2005 WL 1939778, No. MER-L-1808-00 (N.J. Super. L. Aug. 10, 2005)
The plaintiff was unsuccessful in piercing the veil of a New Jersey LLC in this breach of contract action. The opinion contains a lengthy discussion and analysis of veil piercing as applicable to LLCs, and the court concluded that the traditional approach to veil piercing in the corporate context should not be mechanically applied to LLCs. The court noted the absence of New Jersey case law expressly addressing how corporate veil piercing principles apply to LLCs and reviewed the statutory and judicial treatment of LLC veil piercing in other states. Since the New Jersey LLC statute does not address veil piercing of LLCs, the court concluded the statute endorses the evolution of court-made rules tailored to the LLC’s special attributes. The court agreed with judicial opinions and commentators that have concluded LLC veil piercing law should be adapted to the special characteristics of LLCs. The court identified adherence to corporate formalities, dominion and control by the owner, and undercapitalization as factors that should be weighed differently in the LLC context. Though the court declined to formulate a generally-applicable standard for LLCs, the court concluded that these factors “should not loom as large” in this case as in the case of a corporation. In rejecting the plaintiff’s attempt to hold an individual member/manager of an LLC member of a New Jersey LLC personally liable for the breach of contract of the New Jersey LLC, the court noted that the individual did not intentionally mislead the plaintiff or hide the LLC’s role, and the court pointed out the plaintiff made no effort to inquire regarding the LLC’s role in the transaction. Given the lesser weight assigned to formalities and dominion and control, the court did not find the individual’s inattention to detail (e.g., misuse of stationery) and operational efficiencies (such as use of a central office for his various business entities) justified piercing the LLC’s veil. The court also concluded there was no evidence that the plaintiff’s confusion caused the plaintiff to act to its detriment or that the LLC form was used to perpetrate any injustice.

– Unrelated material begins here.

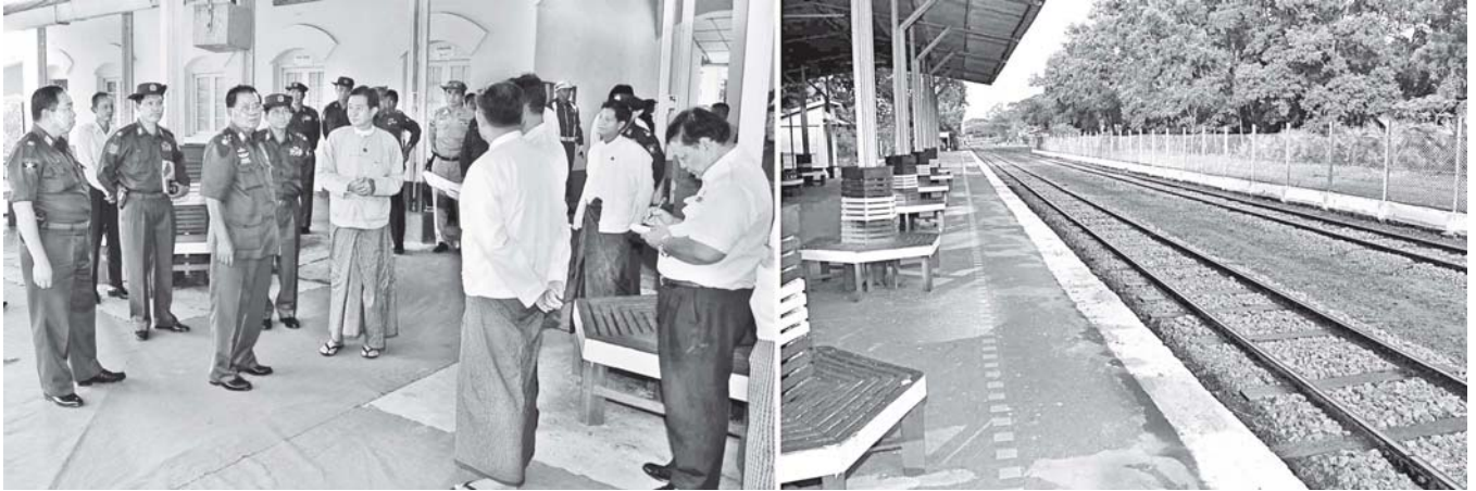
Senior General Than Shwe visiting Patheingyi Railway Station.

329 B.R. 802, Bankruptcy No. 04-54286, Adversary No. 05-4098 (Bankr. E.D. Mich. 2005)
The court determined that an LLC debtor and its related LLC were alter egos and that the veil of the related LLC would thus be pierced so that the assets of the related LLC were property of the bankruptcy estate. The court also determined that the doctrine of substantive consolidation applied to the two LLCs.
Brant v. Krilich
835 N.E.2d 582, No. 45A03-0411-CV-514 (Ind. App. 2005)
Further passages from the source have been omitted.